Sus manos entonces asieron mis cabellos y dirigieron el contacto. Me dejé guiar, hasta que sentí cómo aquella oleada eléctrica atravesaba su cuerpo, tensándolo en un espasmo doloroso y placentero. Estalló por fin en un grito gutural, sacudida como una hoja al viento, por una oleada de temblores. Continué acariciándola con mi boca y hundiéndola más y más en aquella marejada incontenible, hasta que se quedó quieta, vencida, con la espalda apoyada en el árbol.

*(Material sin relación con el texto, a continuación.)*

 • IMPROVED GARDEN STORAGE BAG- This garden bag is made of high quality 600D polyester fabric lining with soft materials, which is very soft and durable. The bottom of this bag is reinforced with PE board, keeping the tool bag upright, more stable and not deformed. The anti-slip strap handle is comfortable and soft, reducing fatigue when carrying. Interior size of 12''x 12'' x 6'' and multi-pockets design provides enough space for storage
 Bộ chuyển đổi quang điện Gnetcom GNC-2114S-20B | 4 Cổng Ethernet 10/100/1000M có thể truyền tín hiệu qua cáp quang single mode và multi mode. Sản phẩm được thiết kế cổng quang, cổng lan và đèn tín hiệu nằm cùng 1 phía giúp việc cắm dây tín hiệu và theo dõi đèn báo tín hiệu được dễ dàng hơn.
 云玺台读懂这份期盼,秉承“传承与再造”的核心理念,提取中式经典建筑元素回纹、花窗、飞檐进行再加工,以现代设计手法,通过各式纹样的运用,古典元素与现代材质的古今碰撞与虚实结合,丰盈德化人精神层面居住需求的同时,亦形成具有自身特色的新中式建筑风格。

Lentamente su respiración se remansó. Pareció volver de un sueño o de un país muy lejano. Me miró incrédula. Al darse cuenta de lo ocurrido, sin embargo, no intentó cubrirse. Me erguí. Mi estatura la dominaba, pero no forcé las cosas. Fue ella quien me dio la espalda, en una invitación muda. Al notar mi vacilación, me miró, reafirmando su entrega. Para que no quedaran dudas, abrió con dos dedos sus nalgas y me brindó una visión de su raja. Abierta. Disponible. Ansiosa, incluso. Me arrodillé y empalé su culo con la lengua. Ella gimió audiblemente, mientras la empapaba con mi saliva. Sólo cuando estuvo bien mojada, apoyé el capullo y lo introduje.

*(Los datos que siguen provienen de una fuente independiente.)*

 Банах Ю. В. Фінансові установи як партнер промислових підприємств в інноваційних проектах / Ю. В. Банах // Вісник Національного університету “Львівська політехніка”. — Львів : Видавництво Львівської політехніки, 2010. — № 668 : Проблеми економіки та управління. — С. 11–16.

Fue una tortura lenta, insoportable, que intenté empero prolongar al máximo. Mis acometidas eran suaves, delicadas, pero hondas y avasallantes. Dejé muchos besos en su espalda, en su nuca, en su pelo, hasta que fue ella la que me urgió, acelerando el ritmo de cada envite, empalándose a sí misma, moviéndose en un galope demencial, hasta precipitarme en el abismo de aquella cascada que se derramó de mí hasta vaciarme por completo.

Nuestros cuerpos febriles, sudorosos, quedaron abrazados, exánimes. La solté por fin con pesar. No deseaba que aquella noche terminara. Con la misma tristeza la ayudé a vestirse. Arreglé mis ropas y nos marchamos. Por el camino nadie dijo nada. A pesar del placer, aún sentía rabia. Comprendía que no tenía derecho, pero una cólera irracional nublaba mi mente. La conduje a su casa y la dejé en el andén. Ninguno habló ni hubo despedidas.

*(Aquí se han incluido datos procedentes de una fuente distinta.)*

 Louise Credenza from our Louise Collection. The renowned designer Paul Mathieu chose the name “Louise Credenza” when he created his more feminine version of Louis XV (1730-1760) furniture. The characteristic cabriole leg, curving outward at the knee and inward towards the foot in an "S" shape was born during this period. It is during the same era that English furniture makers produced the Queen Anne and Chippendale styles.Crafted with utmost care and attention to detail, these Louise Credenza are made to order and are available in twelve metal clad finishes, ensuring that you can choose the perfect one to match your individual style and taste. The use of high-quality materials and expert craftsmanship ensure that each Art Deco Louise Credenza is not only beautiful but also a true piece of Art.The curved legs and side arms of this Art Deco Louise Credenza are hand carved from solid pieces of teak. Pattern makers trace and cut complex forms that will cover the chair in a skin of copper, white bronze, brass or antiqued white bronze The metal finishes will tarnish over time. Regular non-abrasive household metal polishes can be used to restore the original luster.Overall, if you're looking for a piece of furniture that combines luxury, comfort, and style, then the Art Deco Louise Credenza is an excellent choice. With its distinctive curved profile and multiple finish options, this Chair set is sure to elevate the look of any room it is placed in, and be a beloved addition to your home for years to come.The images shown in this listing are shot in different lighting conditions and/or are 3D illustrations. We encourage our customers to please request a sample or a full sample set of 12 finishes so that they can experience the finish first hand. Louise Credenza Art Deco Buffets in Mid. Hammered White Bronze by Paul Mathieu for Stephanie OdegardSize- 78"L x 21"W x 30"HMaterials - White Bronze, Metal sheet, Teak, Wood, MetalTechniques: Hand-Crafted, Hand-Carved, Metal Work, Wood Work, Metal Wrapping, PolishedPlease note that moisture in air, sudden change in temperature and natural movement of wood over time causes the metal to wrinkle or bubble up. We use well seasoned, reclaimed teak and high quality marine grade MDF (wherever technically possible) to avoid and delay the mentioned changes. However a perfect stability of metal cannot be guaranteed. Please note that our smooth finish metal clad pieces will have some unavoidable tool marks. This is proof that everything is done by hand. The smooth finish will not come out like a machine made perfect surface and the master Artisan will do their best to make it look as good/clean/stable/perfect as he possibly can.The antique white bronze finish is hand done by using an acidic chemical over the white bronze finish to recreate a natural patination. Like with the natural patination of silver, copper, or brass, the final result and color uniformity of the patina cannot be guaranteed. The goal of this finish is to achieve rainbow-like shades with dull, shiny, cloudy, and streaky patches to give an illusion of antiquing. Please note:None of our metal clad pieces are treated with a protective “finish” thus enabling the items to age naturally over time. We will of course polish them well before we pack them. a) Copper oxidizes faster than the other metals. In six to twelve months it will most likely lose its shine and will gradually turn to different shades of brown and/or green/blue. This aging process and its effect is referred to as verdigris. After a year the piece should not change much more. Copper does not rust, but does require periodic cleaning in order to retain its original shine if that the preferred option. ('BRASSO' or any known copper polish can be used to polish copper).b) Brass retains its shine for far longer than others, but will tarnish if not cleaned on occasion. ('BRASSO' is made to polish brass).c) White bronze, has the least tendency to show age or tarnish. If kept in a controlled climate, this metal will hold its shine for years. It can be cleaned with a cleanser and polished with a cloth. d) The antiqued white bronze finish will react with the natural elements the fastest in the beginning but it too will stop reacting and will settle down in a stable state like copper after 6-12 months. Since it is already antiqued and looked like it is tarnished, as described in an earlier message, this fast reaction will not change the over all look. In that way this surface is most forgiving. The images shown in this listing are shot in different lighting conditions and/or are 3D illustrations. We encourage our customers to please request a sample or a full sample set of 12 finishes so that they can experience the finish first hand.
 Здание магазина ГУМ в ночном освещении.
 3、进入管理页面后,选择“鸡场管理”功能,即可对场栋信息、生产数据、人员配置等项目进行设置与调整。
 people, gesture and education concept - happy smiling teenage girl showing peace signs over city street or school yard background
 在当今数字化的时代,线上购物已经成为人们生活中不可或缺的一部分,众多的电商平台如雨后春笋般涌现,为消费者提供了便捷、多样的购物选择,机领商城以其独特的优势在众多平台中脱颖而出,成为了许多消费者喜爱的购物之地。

Al día siguiente volví ante el mostrador. Pensé que iba a evitarme, pero ahí estaba, como siempre. Como si nunca hubiera quebrado un plato. Me atendió igual. Sólo las leves ojeras denunciaban el desvelo. Pero hasta eso la embellecía. Tenía un aire lánguido, más lejano que nunca. Aún así, no rehuyó mis ojos. Lo sabía todo, se acordaba de todo, lo tenía presente todo. Y estaba ahí, con su pinta de bibliotecaria fría y ausente, cuando no era más que una puta. Sentí ira, la misma ira de la noche anterior. Le entregué el libro. Ella lo abrió y notó el sobre. No dijo nada. Se limitó a guardarlo en su bolso. Yo me alejé y me sumergí en la lectura mientras pasaba el tiempo.

Virtud del cazador: dejar que transcurra el tiempo sin impacientarse, sin apresurar las cosas, hasta que llega el momento oportuno y la presa cae. A la hora precisa la vi salir. No le concedí una segunda mirada. "Te espero", decía el mensaje. A la misma hora. En el mismo árbol. Y adjuntaba una buena cantidad para pagar los servicios de la víspera y de esa noche.